Problem to solve »
Write down the listing again exactly as it appears below, without its pictures.

Data block »
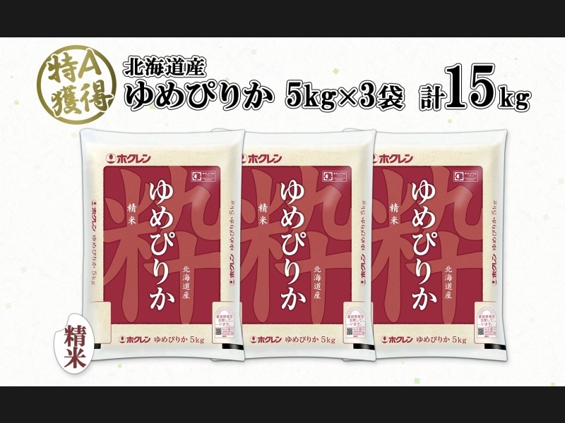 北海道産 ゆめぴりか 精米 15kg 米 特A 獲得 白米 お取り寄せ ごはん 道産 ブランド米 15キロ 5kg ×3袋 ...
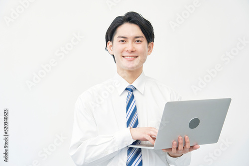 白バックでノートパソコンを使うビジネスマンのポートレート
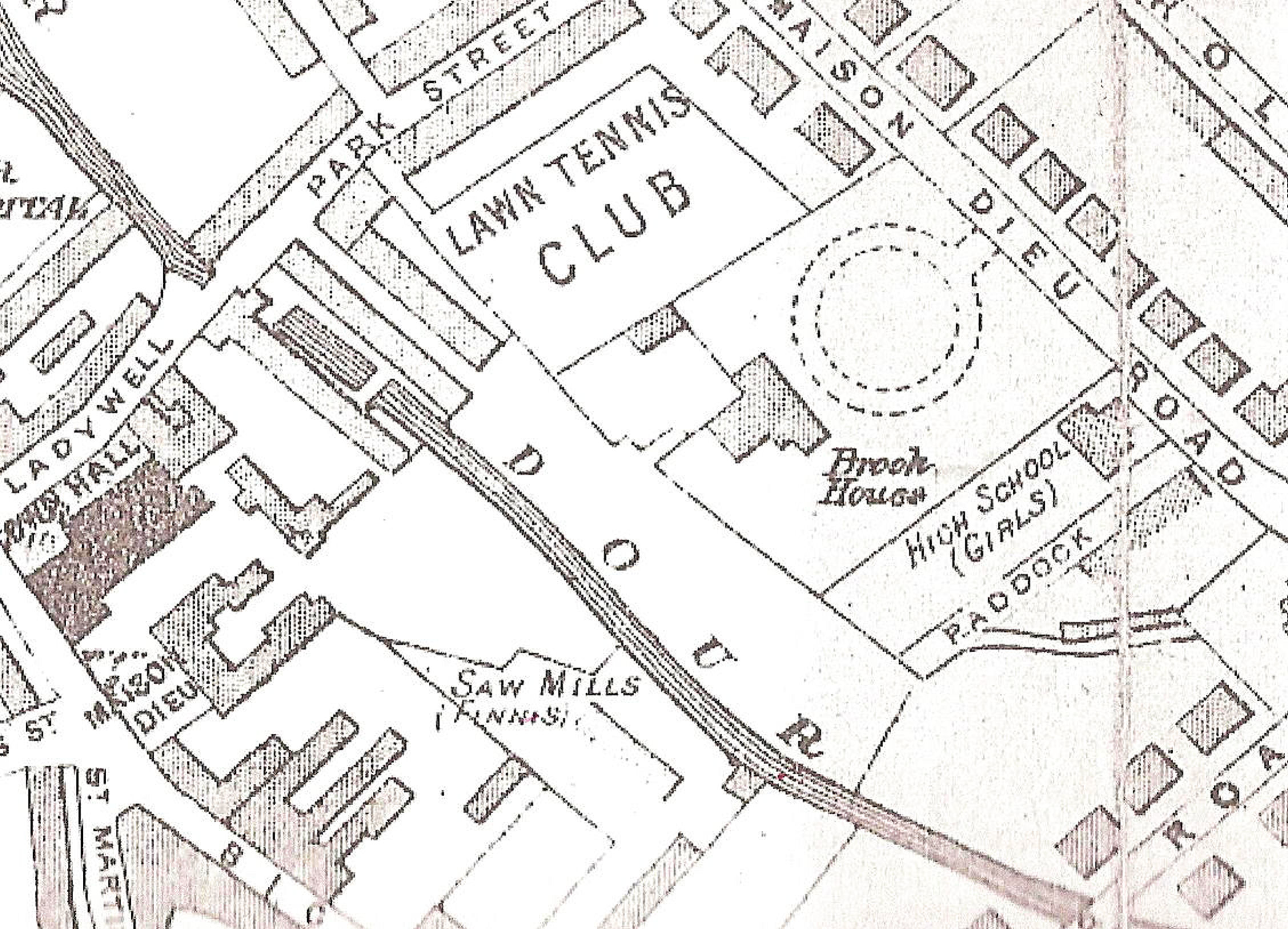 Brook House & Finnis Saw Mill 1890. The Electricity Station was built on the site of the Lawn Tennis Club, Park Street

Reply »
 北海道産 ゆめぴりか 精米 15kg 米 特A 獲得 白米 お取り寄せ ごはん 道産 ブランド米 15キロ 5kg ×3袋 ...
 白バックでノートパソコンを使うビジネスマンのポートレート
 Brook House & Finnis Saw Mill 1890. The Electricity Station was built on the site of the Lawn Tennis Club, Park Street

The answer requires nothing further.